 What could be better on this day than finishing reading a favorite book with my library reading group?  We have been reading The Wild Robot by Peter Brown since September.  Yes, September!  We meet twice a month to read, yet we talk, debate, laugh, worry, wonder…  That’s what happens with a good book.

────────────────────────────────────────

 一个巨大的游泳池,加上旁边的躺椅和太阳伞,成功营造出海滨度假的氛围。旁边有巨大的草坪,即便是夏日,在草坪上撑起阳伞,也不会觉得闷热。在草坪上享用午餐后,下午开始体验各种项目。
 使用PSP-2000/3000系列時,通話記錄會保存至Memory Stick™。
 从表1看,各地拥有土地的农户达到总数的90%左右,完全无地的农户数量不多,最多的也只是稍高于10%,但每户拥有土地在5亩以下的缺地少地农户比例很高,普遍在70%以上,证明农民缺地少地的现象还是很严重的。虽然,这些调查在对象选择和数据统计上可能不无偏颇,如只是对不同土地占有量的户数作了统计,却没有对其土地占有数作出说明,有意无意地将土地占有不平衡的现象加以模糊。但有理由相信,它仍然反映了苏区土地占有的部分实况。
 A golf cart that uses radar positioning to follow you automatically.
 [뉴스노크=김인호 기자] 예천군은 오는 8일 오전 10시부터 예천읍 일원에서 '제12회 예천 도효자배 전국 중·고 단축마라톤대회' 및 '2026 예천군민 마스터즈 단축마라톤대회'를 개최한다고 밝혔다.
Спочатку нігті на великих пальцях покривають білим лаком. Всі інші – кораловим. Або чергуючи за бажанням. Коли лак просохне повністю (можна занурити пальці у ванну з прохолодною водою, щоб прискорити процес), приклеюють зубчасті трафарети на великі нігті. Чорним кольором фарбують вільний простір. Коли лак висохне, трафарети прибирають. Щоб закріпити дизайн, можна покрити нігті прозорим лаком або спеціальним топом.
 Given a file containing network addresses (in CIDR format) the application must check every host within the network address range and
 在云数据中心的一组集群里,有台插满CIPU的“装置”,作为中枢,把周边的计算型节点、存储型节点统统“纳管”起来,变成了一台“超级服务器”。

────────────────────────────────────────

■ **TASK STATEMENT**
Above are the records. Print exactly, and only, the lines from the line with "Спочатку нігті на" to the line with "在云数据中心的一组集群里,有", both inclusive.

■ **WRITTEN RESPONSE**
Спочатку нігті на великих пальцях покривають білим лаком. Всі інші – кораловим. Або чергуючи за бажанням. Коли лак просохне повністю (можна занурити пальці у ванну з прохолодною водою, щоб прискорити процес), приклеюють зубчасті трафарети на великі нігті. Чорним кольором фарбують вільний простір. Коли лак висохне, трафарети прибирають. Щоб закріпити дизайн, можна покрити нігті прозорим лаком або спеціальним топом.
 Given a file containing network addresses (in CIDR format) the application must check every host within the network address range and
 在云数据中心的一组集群里,有台插满CIPU的“装置”,作为中枢,把周边的计算型节点、存储型节点统统“纳管”起来,变成了一台“超级服务器”。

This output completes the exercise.